WHAT THE TASK ASKS -> Starting with the line that contains "On Tuesday, the", copy each line exactly through the end of the listing, and omit all pictures.

+++ RECORDED DATA +++

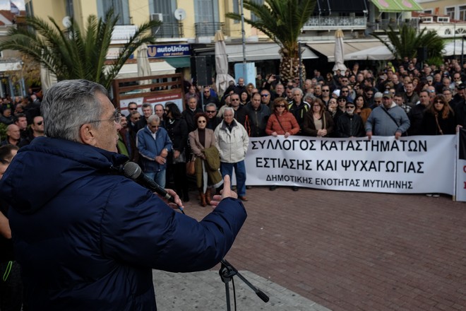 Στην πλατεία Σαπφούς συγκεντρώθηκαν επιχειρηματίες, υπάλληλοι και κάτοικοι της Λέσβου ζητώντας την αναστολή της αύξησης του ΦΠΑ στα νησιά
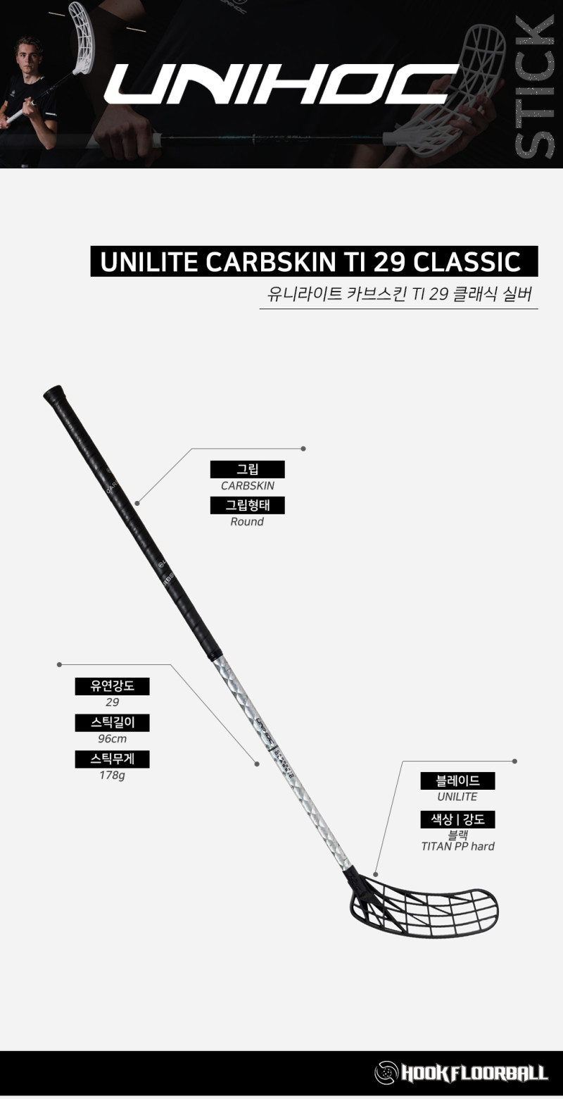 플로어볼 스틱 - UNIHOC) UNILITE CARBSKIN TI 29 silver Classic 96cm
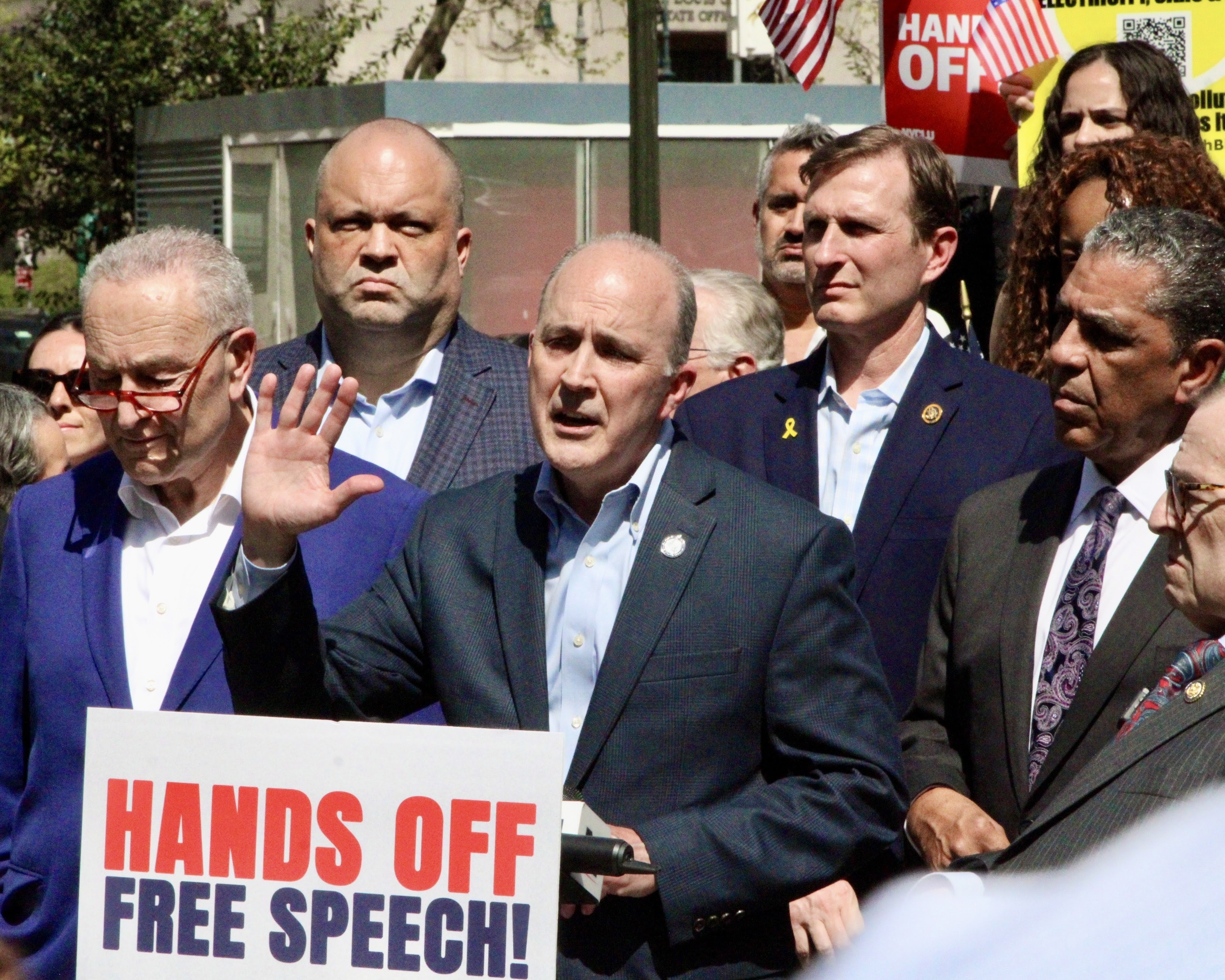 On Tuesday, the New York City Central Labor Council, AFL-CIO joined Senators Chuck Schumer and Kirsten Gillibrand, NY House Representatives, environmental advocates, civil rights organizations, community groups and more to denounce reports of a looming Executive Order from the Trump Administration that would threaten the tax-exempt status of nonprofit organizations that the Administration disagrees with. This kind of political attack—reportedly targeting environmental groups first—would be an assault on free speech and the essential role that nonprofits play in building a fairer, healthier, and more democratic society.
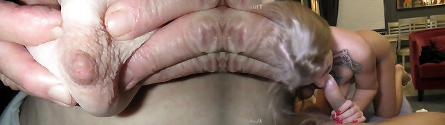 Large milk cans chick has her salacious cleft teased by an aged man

+++

ANSWER TO THIS TASK ->
 On Tuesday, the New York City Central Labor Council, AFL-CIO joined Senators Chuck Schumer and Kirsten Gillibrand, NY House Representatives, environmental advocates, civil rights organizations, community groups and more to denounce reports of a looming Executive Order from the Trump Administration that would threaten the tax-exempt status of nonprofit organizations that the Administration disagrees with. This kind of political attack—reportedly targeting environmental groups first—would be an assault on free speech and the essential role that nonprofits play in building a fairer, healthier, and more democratic society.
 Large milk cans chick has her salacious cleft teased by an aged man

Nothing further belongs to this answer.